Они всегда говорили на общую им тему: о том, каким путем пойдет дальше традиция культуры, о хрупкой и столь часто искажаемой красоте, завещанной нашим заботам Аттикой и Тосканой. Франция оказалась на высоте; она сумела удержать стиль и воспитать известную школу вкуса. Есть ли у Пруссии такие качества, которые давали бы ей право на такое наследство? «Может быть, — повторял с надеждой Ницше, — война эта преобразит нашу прежнюю Германию; я вижу ее в своих мечтах более мужественной, обладающей более решительным, более тонким вкусом».
— «Нет, — отвечал ему Якоб Буркхардт, — вы все время думаете о греках, в характере которых война, действительно, воспитывала добродетель. Современные войны слишком поверхностны; они не достигают глубины, ничем не исправляют буржуазного нерадения к жизни. Они случаются слишком редко, и впечатление от них быстро сглаживается; о них скоро забывают; мысли не останавливаются на них». Что же отвечал на это Ницше? Письмо к Эрвину Роде обнаруживает перед нами, что он еще не составил себе определенного мнения по этому вопросу. «Меня очень занимает вопрос о ближайшем будущем, — пишет он, — мне кажется, я усматриваю в нем черты видоизмененного средневековья. Спеши же уйти из-под влияния этой чуждой культуры Пруссии. Лакеи и попы вырастают в ней, как грибы, и наполняют своим чадом всю Германию».

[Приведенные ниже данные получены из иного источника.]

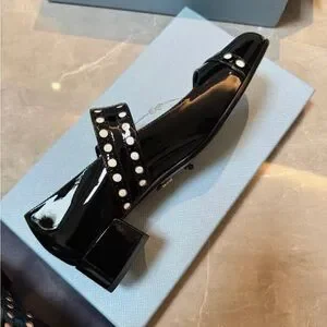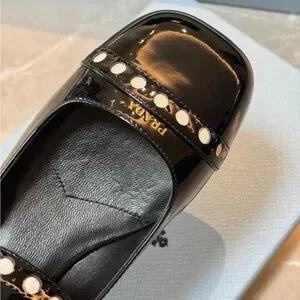 Prada Women's Black Patent Leather Flats with Studded Straps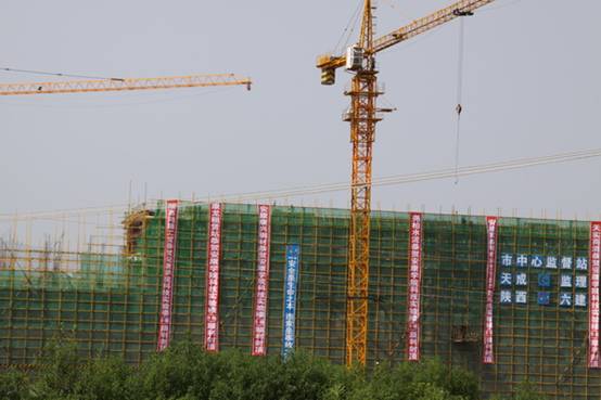 6月16日上午,新校区逸夫科技楼D区主体施工完毕。
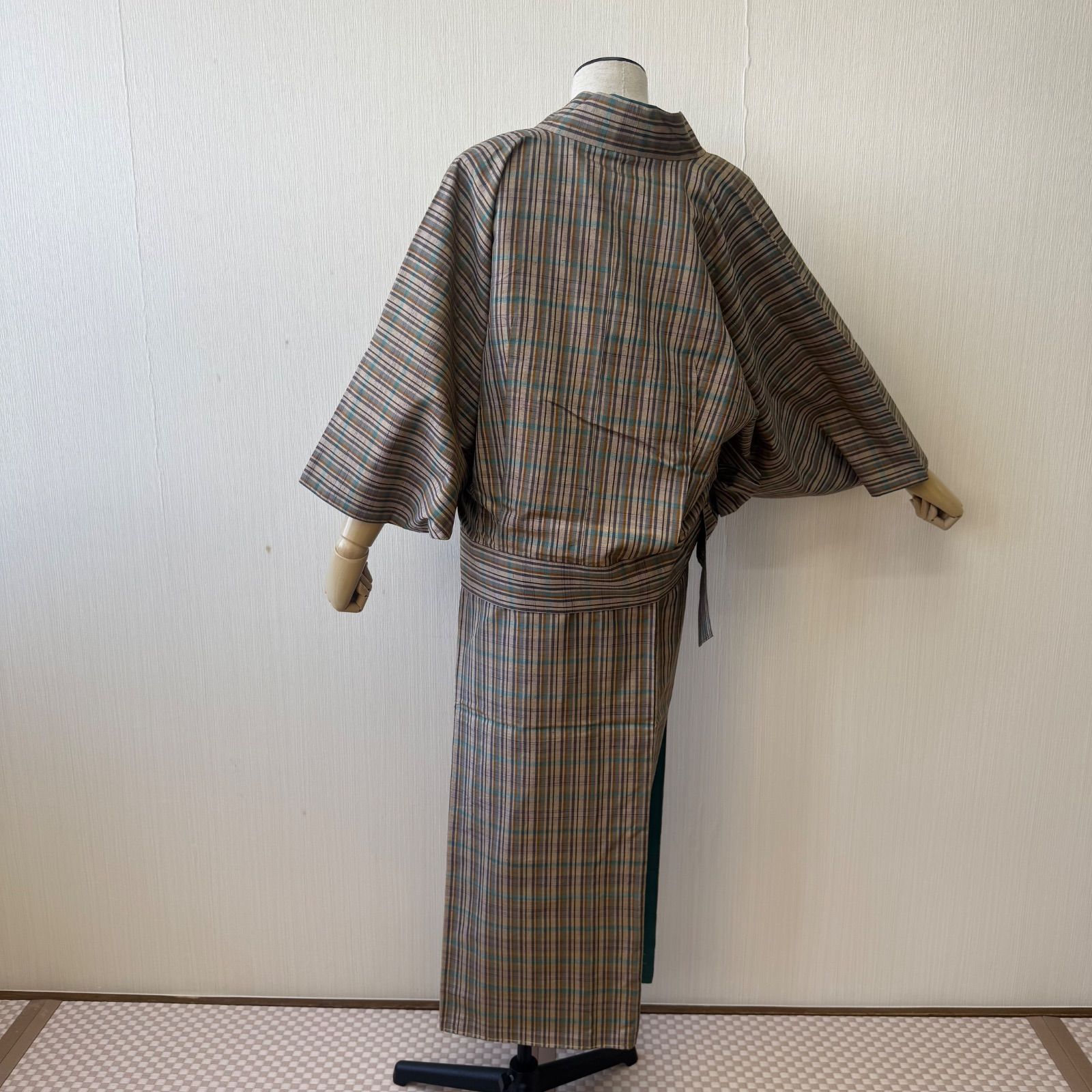 着物 二部式着物 正絹 紬 袷 二部式 格子 ベージュ リサイクル着物 z-556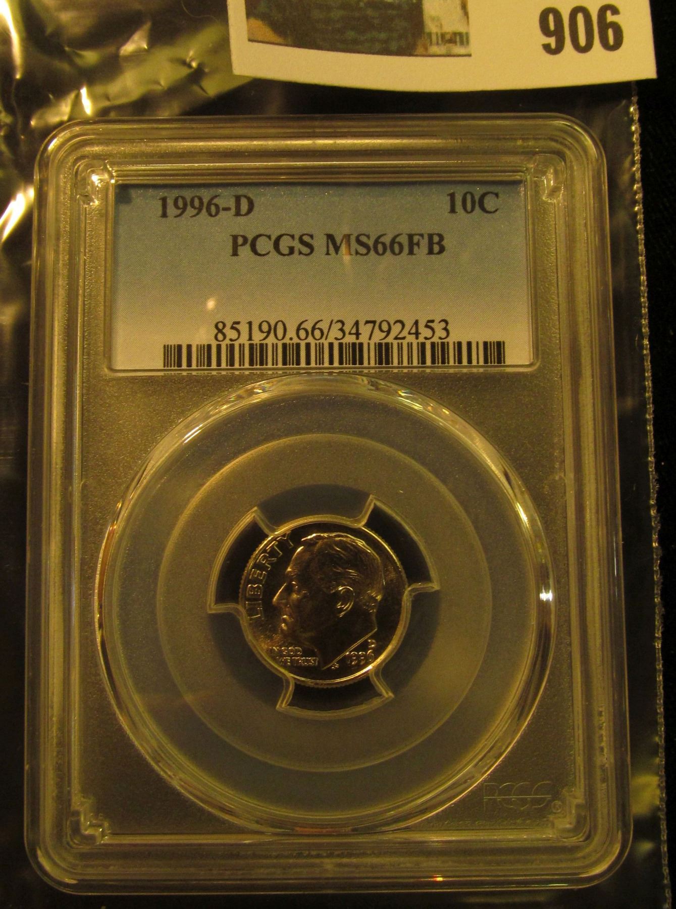 906 _ 1996 D Roosevelt Dime, PCGS slabbed MS66FB.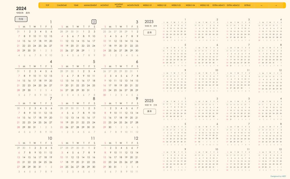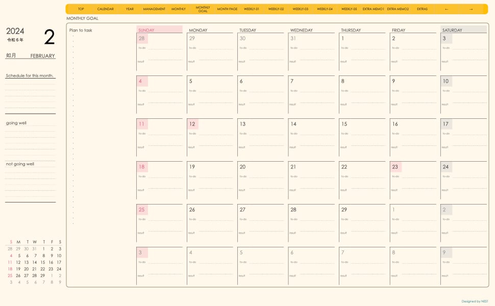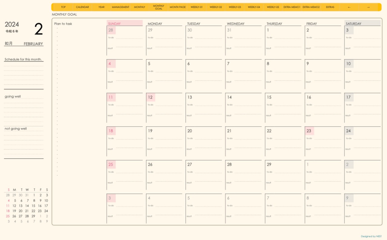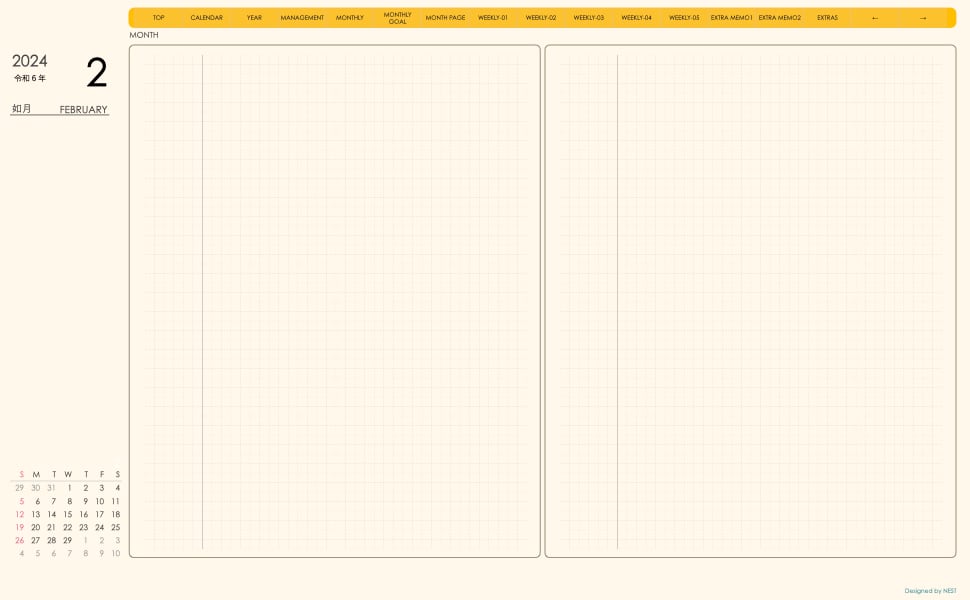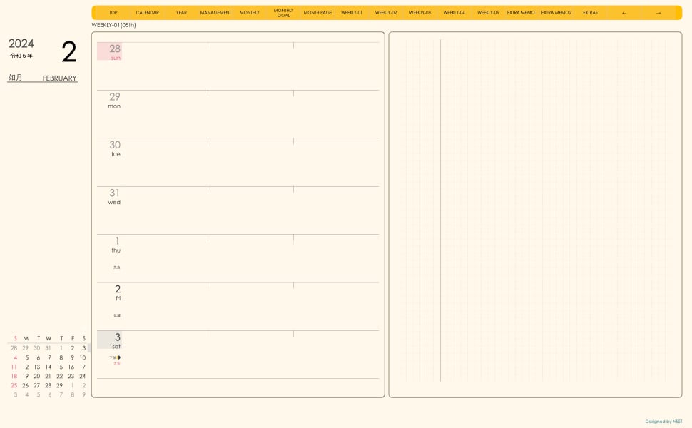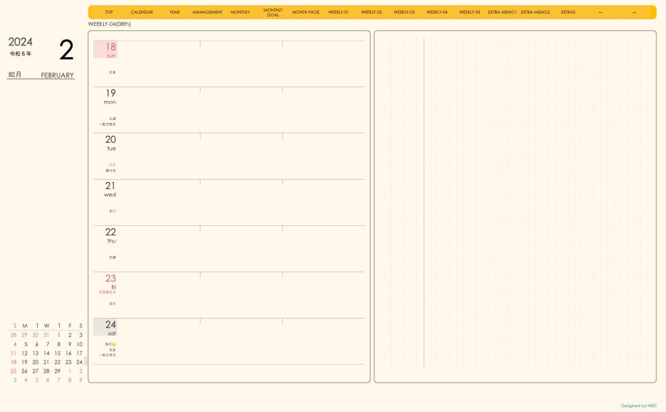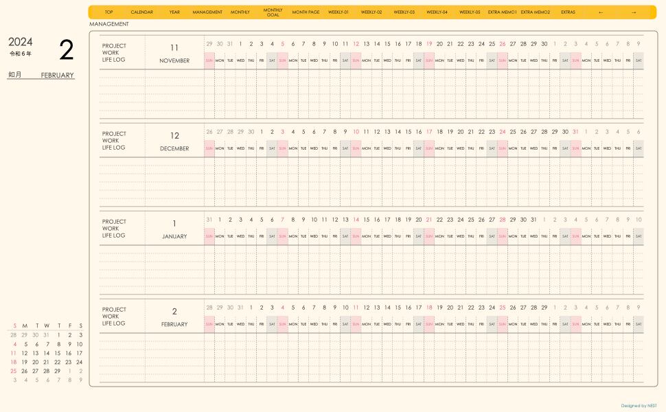**手帖(week-leftシリーズ)日曜日始まり2024.02月版**

Якоб Буркхардт жил уже давно только среди своих книг и воспоминаний о прошлом; он привык к своей грусти, и она уже более не тяготила его. В качестве скромного протеста против увлечений своих современников он прочел лекцию об «Историческом величии». «Не принимайте за истинное величие, — сказал он базельским студентам, — тот или иной военный триумф, торжество какого-нибудь государства. Сколько было могущественных держав, забытых историей и по справедливости достойных такого забвения. Гораздо реже можно видеть историческое величие; оно заключается всецело в творчестве людей, которых мы, за неимением более подходящего слова, совершенно не исчерпывая и не проникая в глубину их натуры, называем великими людьми. Так, неизвестный строитель оставил человечеству Notre Dame de Paris, Гёте подарил нам «Фауста», Ньютон — свой закон о солнечной системе. Только в таких делах и заключается истинное величие». Ницше был на этой лекции и аплодировал Буркхардту. «Буркхардт, — пишет он, — становится последователем Шопенгауэра…» Но его пыл не удовлетворяется несколькими умными словами. Ницше не может так скоро отказаться от лелеянной им надежды — спасти отечество от того морального падения, которое, по его мнению, ему угрожало.

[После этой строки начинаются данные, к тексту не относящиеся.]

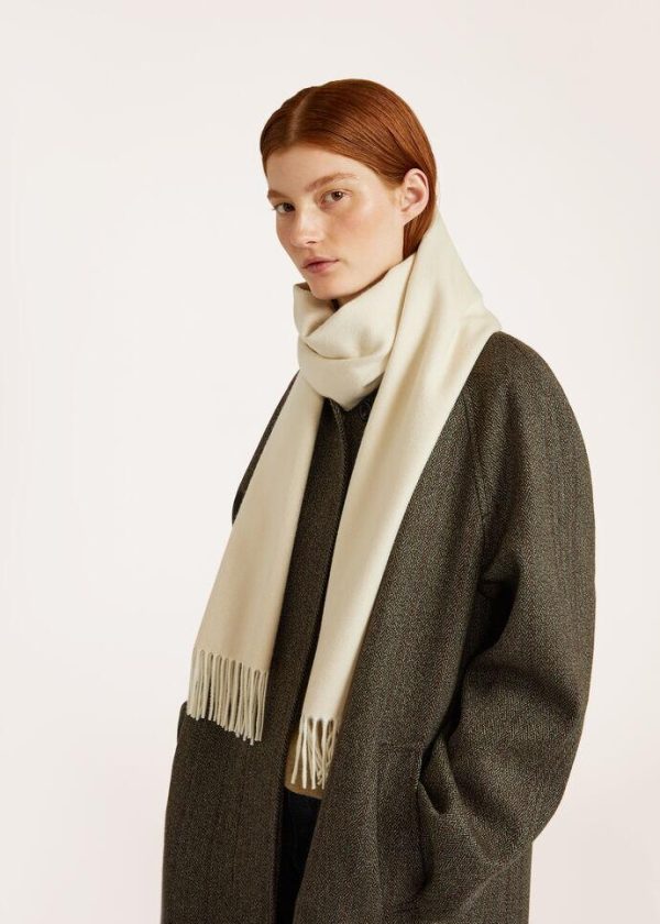 Contemporary two-tone scarf crafted from baby cashmere, and finished with long fringe trim. Perfect at the start of the season with relaxed casual ensembles.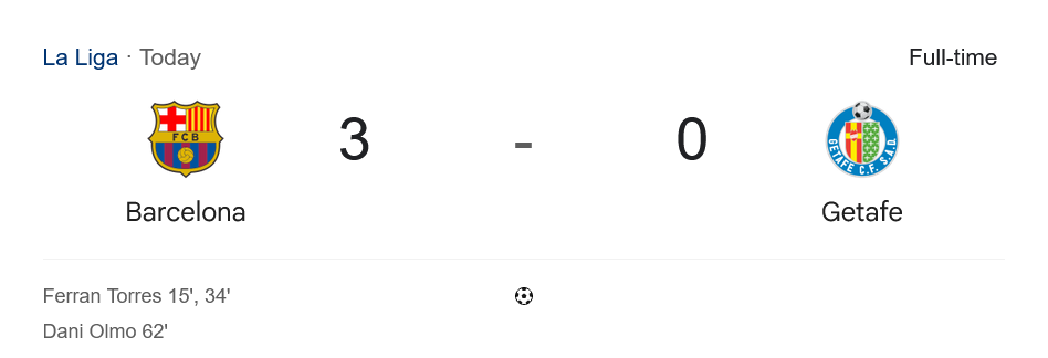ศึก ลาลีกา สเปน เกมนี้แฟนบอลได้ลุ้นตั้งแต่นาทีแรก และตามรายงาน บ้านผลบอล ผลการแข่งขันจบลงด้วยสกอร์ 3-0 ให้เจ้าบุญทุ่ม บาร์เซโลน่าเหนือกว่าแบบชัดเจน เปิดฉากครึ่งแรก เจ้าบ้านครองเกมได้ดุดัน กดดันตั้งแต่แดนกลาง ก่อนจะมาได้ประตูนำเร็ว นาทีที่ 15 จากจังหวะประสานงานสุดเนียน ดานี่ โอลโม่ แทงทะลุให้ เฟร์ราน ตอร์เรส ซัดเต็มข้อไม่เหลือ 1-0 ต่อมานาทีที่ 34 ตอร์เรสคนเดิมอาศัยความเฉียบคมซัดเบิ้ลช่วยให้บาร์ซ่าหนีเป็น 2-0 ก่อนจบครึ่งแรก บาร์ซ่าครองบอล 62% สร้างสรรค์เกมรุกได้เนียนกว่าเกตาเฟ่ชัดเจน

Как поступить при таких обстоятельствах?.. Перед Ницше стоял тяжеловесный, чуждый всякому беспокойству народ, приниженный демократией, противный всякому благородному порыву. Как велико должно быть искусство, чтобы сохранить среди него идеал, стремление к героизму и ко всему возвышенному. Ницше строит план настолько смелый, настолько крайний, что долго не решается открыть его кому-нибудь и хранит его про себя. Рихард Вагнер был занят в то время постройкой Байройтского театра, где он с полной свободой мог проявить свое эпическое творчество. У Ницше рождается смелая мысль — создать такое же учреждение, только в другой области: ему хочется основать философский семинарий, где бы его молодые друзья — Роде, Герсдорф, Дейссен, Овербек и Ромундт — могли бы собираться и жить вместе, свободные от труда и административной опеки и под руководством нескольких учителей обсуждать проблемы современности. Таким образом, общий очаг искусства и мысли поддерживался бы в самом сердце Германии, вдали от толпы, от государства и традиционного мышления. «Придется уйти в монастырь», — писал он в июле Роде; через шесть месяцев эта идея снова вырастает в его голове. «Современный анахоретизм, — читаем мы в его заметках, — это, без сомнения, самое странное зрелище, порожденное эпохой победоносной войны; ведь это свидетельство полной невозможности жить в согласии с государством».